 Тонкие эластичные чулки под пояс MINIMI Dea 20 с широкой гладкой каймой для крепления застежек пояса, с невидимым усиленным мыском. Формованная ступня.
==
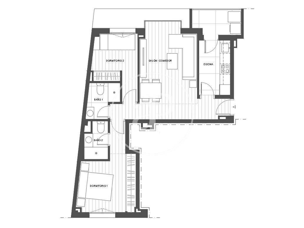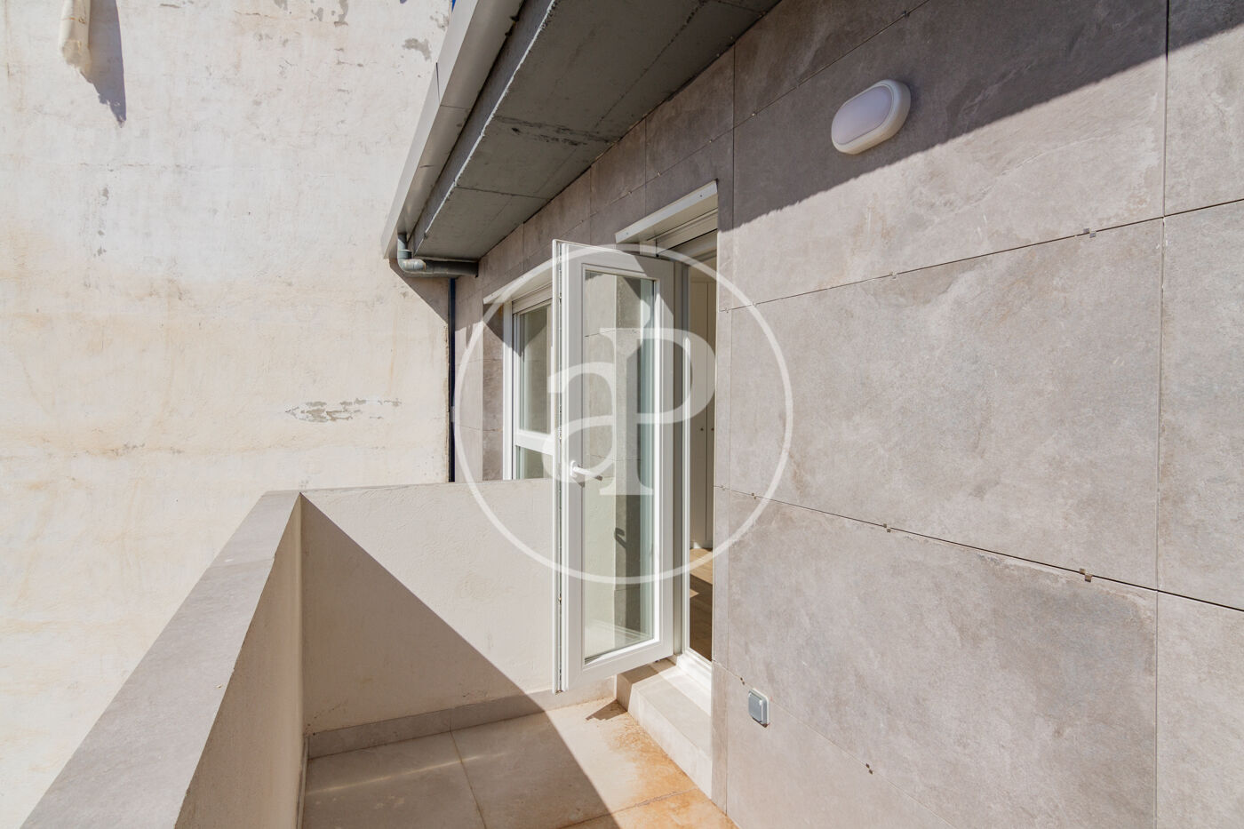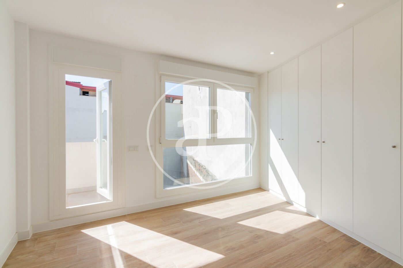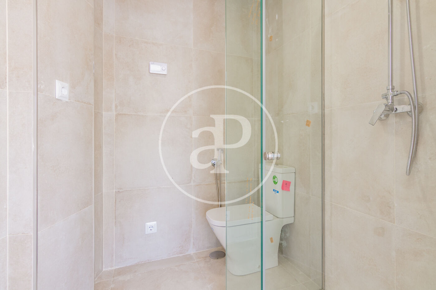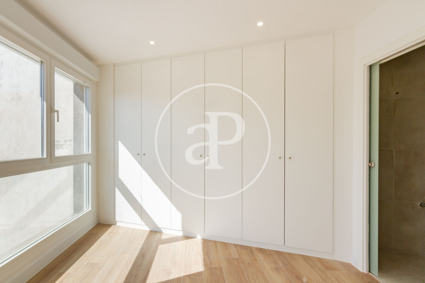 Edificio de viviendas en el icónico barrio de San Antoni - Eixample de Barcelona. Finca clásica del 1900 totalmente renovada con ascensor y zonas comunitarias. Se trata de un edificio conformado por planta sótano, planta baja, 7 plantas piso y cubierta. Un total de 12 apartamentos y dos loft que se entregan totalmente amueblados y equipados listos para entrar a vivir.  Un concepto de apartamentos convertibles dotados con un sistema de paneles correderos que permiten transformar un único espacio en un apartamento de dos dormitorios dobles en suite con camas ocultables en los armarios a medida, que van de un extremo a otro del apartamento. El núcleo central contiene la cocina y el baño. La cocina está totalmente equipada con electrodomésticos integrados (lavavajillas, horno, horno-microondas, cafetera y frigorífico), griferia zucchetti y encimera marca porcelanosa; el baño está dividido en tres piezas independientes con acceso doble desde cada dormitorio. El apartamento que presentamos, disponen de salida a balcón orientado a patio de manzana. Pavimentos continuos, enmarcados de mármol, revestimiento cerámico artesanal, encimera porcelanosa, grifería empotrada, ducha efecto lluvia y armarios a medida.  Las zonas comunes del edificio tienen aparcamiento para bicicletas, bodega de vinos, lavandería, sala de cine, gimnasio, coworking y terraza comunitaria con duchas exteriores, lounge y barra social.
--
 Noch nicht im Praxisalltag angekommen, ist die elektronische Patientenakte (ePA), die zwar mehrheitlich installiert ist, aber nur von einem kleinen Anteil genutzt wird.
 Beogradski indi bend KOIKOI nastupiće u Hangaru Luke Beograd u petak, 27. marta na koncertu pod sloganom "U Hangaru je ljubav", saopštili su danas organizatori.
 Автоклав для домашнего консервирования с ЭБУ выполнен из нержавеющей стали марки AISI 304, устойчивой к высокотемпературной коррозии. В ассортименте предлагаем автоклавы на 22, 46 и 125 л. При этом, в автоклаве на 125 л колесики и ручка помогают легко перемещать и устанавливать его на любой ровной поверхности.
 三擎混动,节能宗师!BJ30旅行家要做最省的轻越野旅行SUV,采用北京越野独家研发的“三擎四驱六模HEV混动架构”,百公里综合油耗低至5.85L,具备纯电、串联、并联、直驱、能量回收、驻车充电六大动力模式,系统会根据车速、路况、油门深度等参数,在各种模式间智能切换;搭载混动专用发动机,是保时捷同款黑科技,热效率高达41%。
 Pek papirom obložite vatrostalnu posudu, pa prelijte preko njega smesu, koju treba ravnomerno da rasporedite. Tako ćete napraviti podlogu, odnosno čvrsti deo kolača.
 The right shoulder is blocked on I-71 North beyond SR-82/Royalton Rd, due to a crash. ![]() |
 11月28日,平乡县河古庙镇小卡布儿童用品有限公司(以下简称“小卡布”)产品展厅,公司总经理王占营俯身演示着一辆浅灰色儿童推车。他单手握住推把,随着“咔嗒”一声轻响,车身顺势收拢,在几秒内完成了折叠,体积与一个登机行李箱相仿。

Required work → Once you reach the line with "Автоклав для домашнего" in the data above, copy it and every line after it exactly, up to and including the line with "Pek papirom obložite".

Response area →
 Автоклав для домашнего консервирования с ЭБУ выполнен из нержавеющей стали марки AISI 304, устойчивой к высокотемпературной коррозии. В ассортименте предлагаем автоклавы на 22, 46 и 125 л. При этом, в автоклаве на 125 л колесики и ручка помогают легко перемещать и устанавливать его на любой ровной поверхности.
 三擎混动,节能宗师!BJ30旅行家要做最省的轻越野旅行SUV,采用北京越野独家研发的“三擎四驱六模HEV混动架构”,百公里综合油耗低至5.85L,具备纯电、串联、并联、直驱、能量回收、驻车充电六大动力模式,系统会根据车速、路况、油门深度等参数,在各种模式间智能切换;搭载混动专用发动机,是保时捷同款黑科技,热效率高达41%。
 Pek papirom obložite vatrostalnu posudu, pa prelijte preko njega smesu, koju treba ravnomerno da rasporedite. Tako ćete napraviti podlogu, odnosno čvrsti deo kolača.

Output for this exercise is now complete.